Exercise brief: Line by line, set down the records below from the first line through the line containing "The album’s musicians, performers". Omit the pictures.

Records:
· · · · ·

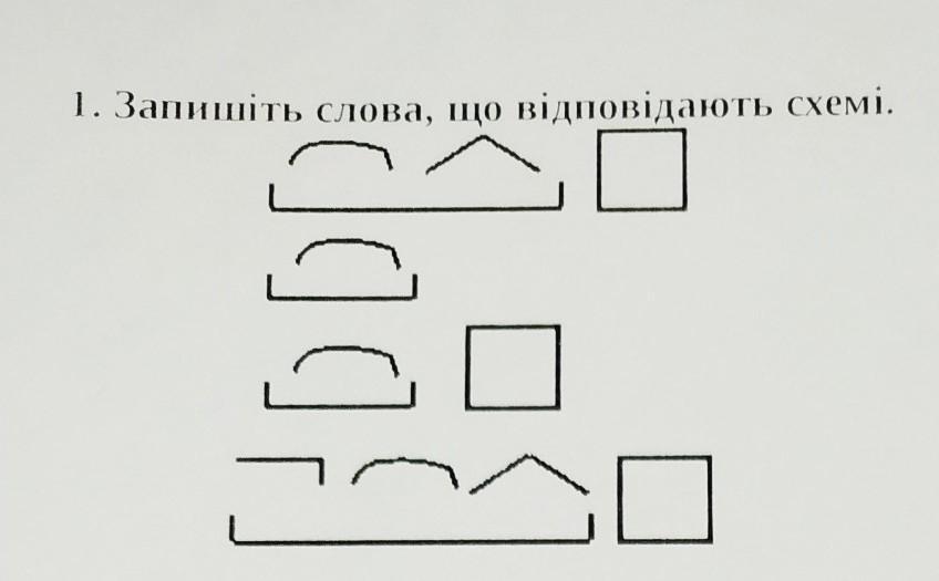 1. верхня дужка це корінь слова верхній трикутник це суфікс квадратик це закінчення а лінія нижня це основна частина.
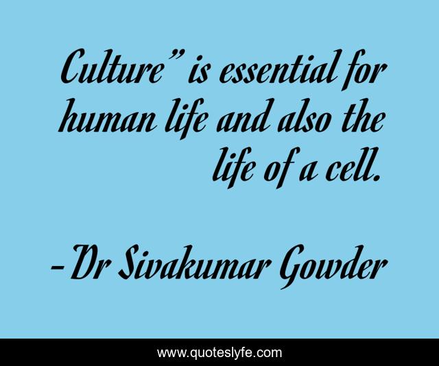 This page presents the quote "Culture” is essential for human life and also the life of a cell.". Author of this quote is Dr Sivakumar Gowder. .
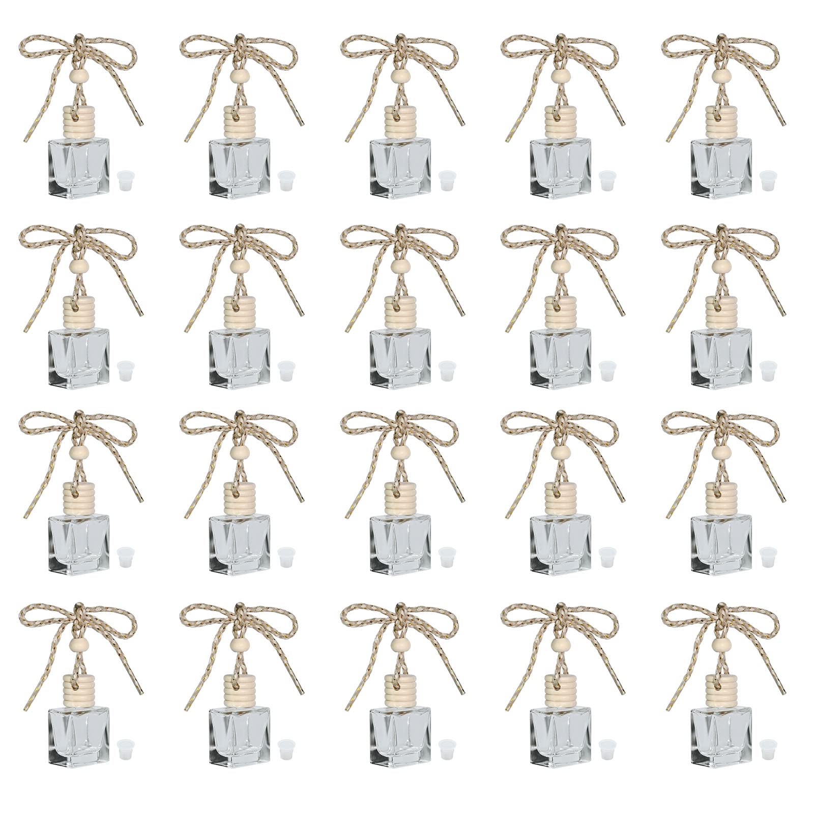20 botellas vacías de perfume para automóvil de 0.3 fl oz con cuerda de alambre dorada, difusores de automóvil para aceites esenci
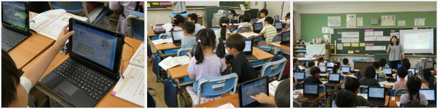 1年生は、算数で引き算の学習をしています。引き算の問題と言えば、「のこりはいくつ?」「ちがいかいくつ?」ですが、この最後には、絵を見て、7-3=4になるお話問題をつくる学習があります。子どもたちは、タブレットを使って、お話を作る練習をしたり、お話づくりのヒントをもらったりして、問題作りに取り組んでいました。
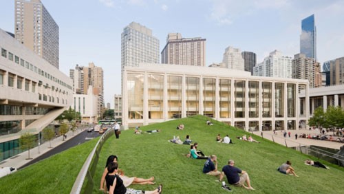 為林肯中心表演藝術而設計的海帕館已經完工,項目位于赫斯特廣場和第65號大街的邊界上,這個新的獨立式建筑包括一個新的公共草坪和一個餐廳。
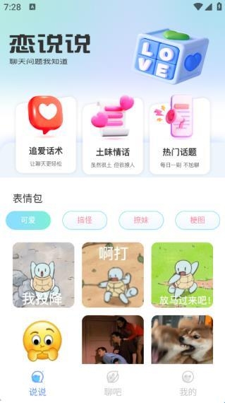 1、在说说页面中有追爱话术、土味情话、热门话题版块,还有各种表情包;
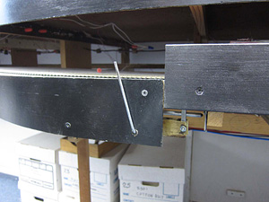 As built it is 16 feet by 18 inches underneath the layout on the east wall of the room. The table itself was made up from 5/8" cabinet grade 4x8 plywood sheets ripped length wise, trimmed and laid end-to-end. A 1x3 wood face plate was grooved to fit over the front edge of the plywood. This would provide rigidity, add a finishing touch and protect the trains on the tray. A sturdy gusset bolted in the middle allowed disassembly and movement of the various parts to the layout room.
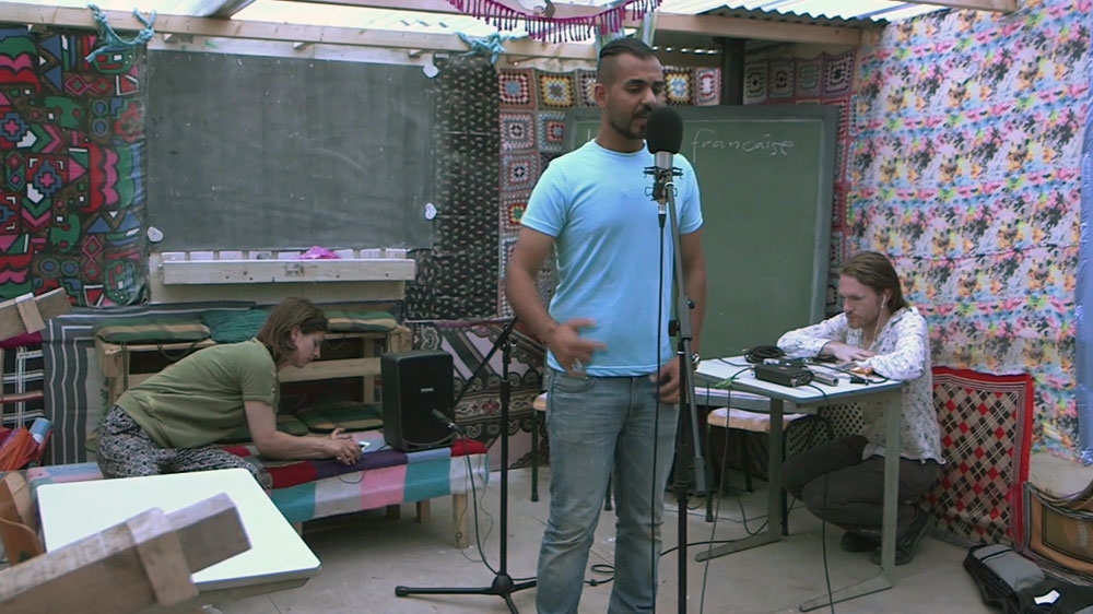 The album’s musicians, performers and engineers found ways to make do in difficult conditions. They painstakingly edited out the constant buzz of the generator that brings electricity to their improvised studio. They even kept recording as bulldozers drove past in February, tearing down half of the camp’s makeshift homes and facilities.
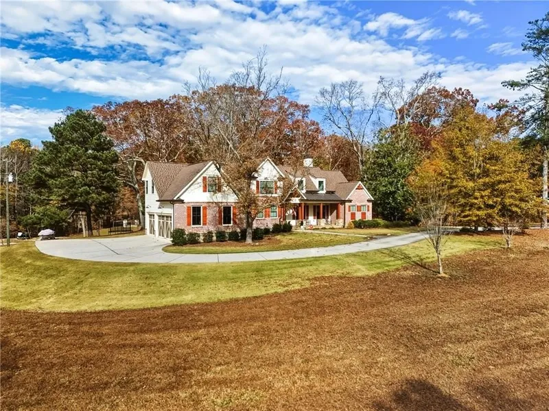 The sellers are truly sad to let this one go. Here's your opportunity to own a 2018-built home on 6 acres in a fabulous location - close to Marietta Square, Barrett Pkwy, and easy access to the Battery and highways. From the welcoming front entrance to the covered back porch, you will fall in love. Primary suite is on main with soaking tub, beautiful tiled shower, dual vanities and custom closet. The open concept kitchen features a farm sink, double ovens, island with microwave and built-in ice maker, 4 burner gas stove with griddle and large walk-in pantry, all flowing seamlessly into the fireside family room highlighted by a stunning cathedral ceiling with wood beams. Main floor also features a dedicated office, mud room, laundry, powder room and exceptional storage, while the upper level provides 3 additional bedrooms and 1 bath. With hardwood floors throughout, a 3 car garage, and room to roam across the expansive acreage, this property offers modern conveniences and serene privacy. All this plus great schools!
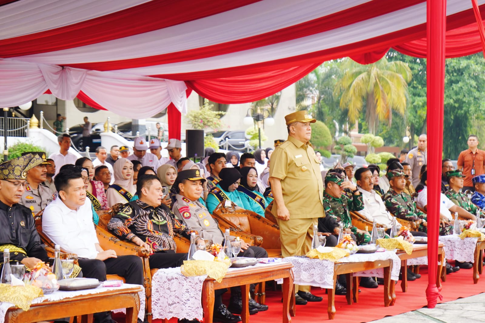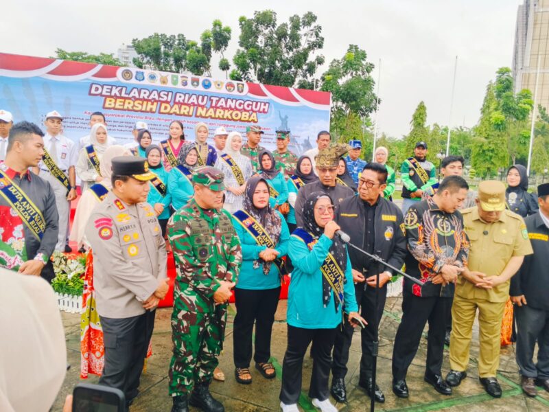 Pekanbaru, baranewsriau.comLapangan Kantor Gubernur Riau mendadak penuh semangat, Ibu-ibu Panipahan diangkat jadi Duta Anti Narkoba,Sabtu (25/4/2026). Pemerintah Provinsi Riau bersama Polda Riau dan seluruh unsur Forkopimda menggelar Apel Kesiapan Satgas Anti Narkoba Provinsi Riau. Apel dipimpin langsung Plt Gubernur Riau SF. Harianto. Minggu (26/04/2026).Hadir lengkap jajaran penegak hukum dan pemerintah. Tampak Kapolda Riau Irjen Pol Dr. Herry Heryawan, Pangdam XIX/Tuanku Tambusai, Kajati Riau, Danrem 031/WB, Pejabat Utama Polda Riau, Danlanud RSN diwakili Dansatpom & Kadis Ops, Kabinda Riau diwakili Kabag Ops, Danlanal Dumai, serta BNNP Riau diwakili Kabid Pemberantasan dan Intelijen Kombes Pol Dr. Ali Machfud. Turut hadir LAM Riau diwakili Sekretaris DPH Datuk Toni Werdiansyah, Ketua Umum DPP Granat, Dr. H. KRH. Henry Yosodiningrat, S.H., M.H., dan DPD Granat Riau Fredy Simanjuntak.Rangkaian kegiatan apel berlangsung khidmat, diawali dengan laporan Komandan Apel, Penghormatan pasukan, hingga pemasangan ROMPI SATGAS Anti Narkoba sebagai simbol sesiangan.Dalam arahannya, Kapolda Riau Irjen Pol Dr. Herry Heryawan menegaskan perang melawan narkoba tidak bisa dilakukan sendiri.
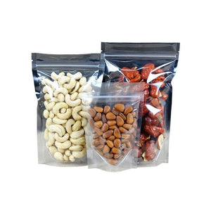 1 Side Metallic Silver/ 1 Side Transparent Stand up Pouch- Zipper
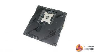 A dark black aluminium backplate encompasses most of the motherboard’s rear side. This rear brace certainly adds structural rigidity to the motherboard, and that is useful when installing a heavy CPU cooler and multiple graphics cards.
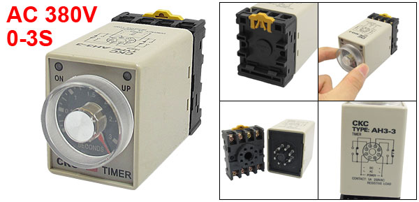 AH3-3 AC 380V 0-3S 3 Second 8P Terminals Delay Timer Time Relay w Base
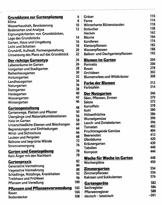 Poglavja o: klimi, zalivanju, kompostiranju in gnojenju, načrtovanju vrta, pridelavi zelenjave, gojenju cvetlic …
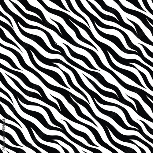 Seamless Zebra Skin Vector Pattern Dynamic Black and White Stripes for Textile
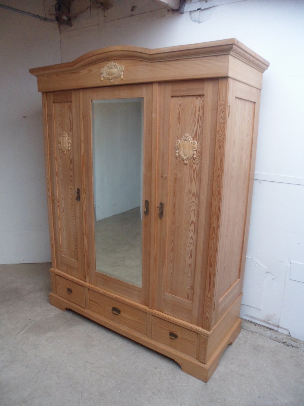 Beautifully Waxed Triple Old Pine 3 Door Mirrored Knockdown Wardrobe
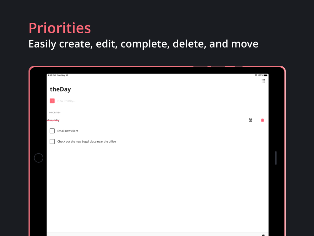 - Get daily reminders to keep you on your toes of getting priorities done!
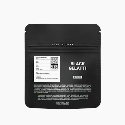 GELATTI | STIIIZY Black Label: Exotic Indoor Flower Taste: Apple, Pepper, Floral Feeling: Euphoric, Energetic, Relaxed This balanced hybrid is bred from Gelato and OG Biscotti strains with the flavors of tart apples, peppery spices and sweet floral complemented by the aromas of herbal spices, flowery earth and gassy citrus pungency. This strain induces uplifting euphoria, energizing focus and invigorating mental clarity to stimulate relaxing happiness, creative inspiration and contentment. The STIIIZY Black Label is the new exclusive line of ultra-premium high-quality flower that is proudly grown and cultivated in state-of-the-art lab facilities based in California. The Black Label is redefining the industry standard by offering a unique and potent experience from expert and master cultivators creating small batch, exotic canna. Small batch cultivation means that each run is a rare opportunity. This line of exotic flowers features one-of-a-kind strains with exceptional flavors from unique crosses expressing new terpene profiles. High trichome density and terpene content means that the canna will smell loud and taste incredible. Experience premium frosty small nugs from the big buds at the best price possible. Break it down, fire it up and go to paradise. *THC Percentages are averages; individual items may vary.*
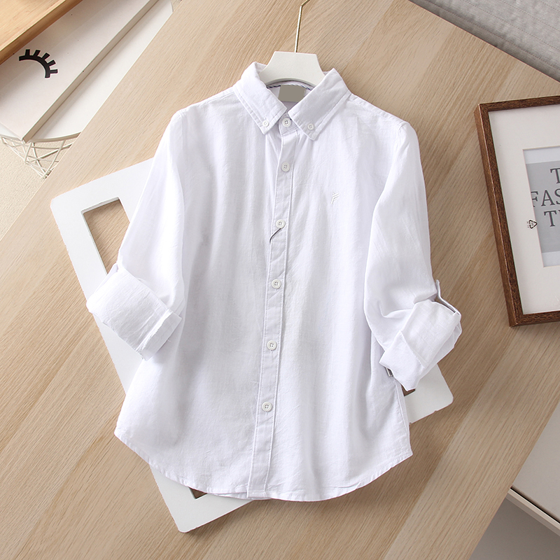 棉麻儿童装衬衣中大童男女童亲子款翻领长袖可挽袖文艺范纯色衬衫
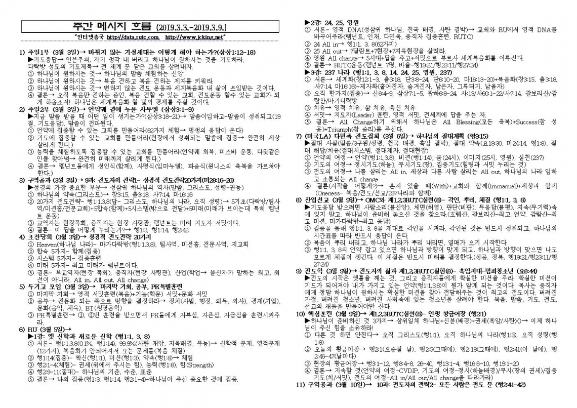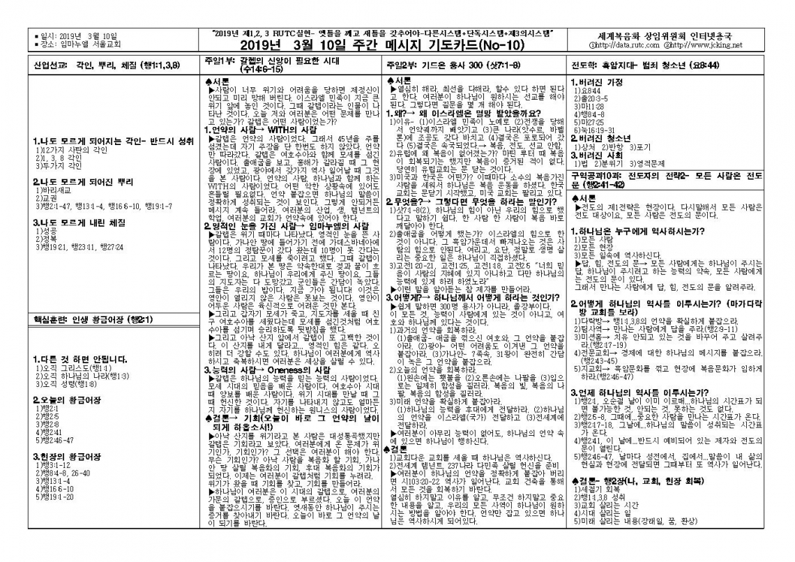 2019년 3월 10일 주일예배 메시지 기도카드

· · · · ·

Reply:
 1. верхня дужка це корінь слова верхній трикутник це суфікс квадратик це закінчення а лінія нижня це основна частина.
 This page presents the quote "Culture” is essential for human life and also the life of a cell.". Author of this quote is Dr Sivakumar Gowder. .
20 botellas vacías de perfume para automóvil de 0.3 fl oz con cuerda de alambre dorada, difusores de automóvil para aceites esenci
 1年生は、算数で引き算の学習をしています。引き算の問題と言えば、「のこりはいくつ?」「ちがいかいくつ?」ですが、この最後には、絵を見て、7-3=4になるお話問題をつくる学習があります。子どもたちは、タブレットを使って、お話を作る練習をしたり、お話づくりのヒントをもらったりして、問題作りに取り組んでいました。
 為林肯中心表演藝術而設計的海帕館已經完工,項目位于赫斯特廣場和第65號大街的邊界上,這個新的獨立式建筑包括一個新的公共草坪和一個餐廳。
 1、在说说页面中有追爱话术、土味情话、热门话题版块,还有各种表情包;
 As built it is 16 feet by 18 inches underneath the layout on the east wall of the room. The table itself was made up from 5/8" cabinet grade 4x8 plywood sheets ripped length wise, trimmed and laid end-to-end. A 1x3 wood face plate was grooved to fit over the front edge of the plywood. This would provide rigidity, add a finishing touch and protect the trains on the tray. A sturdy gusset bolted in the middle allowed disassembly and movement of the various parts to the layout room.
 The album’s musicians, performers and engineers found ways to make do in difficult conditions. They painstakingly edited out the constant buzz of the generator that brings electricity to their improvised studio. They even kept recording as bulldozers drove past in February, tearing down half of the camp’s makeshift homes and facilities.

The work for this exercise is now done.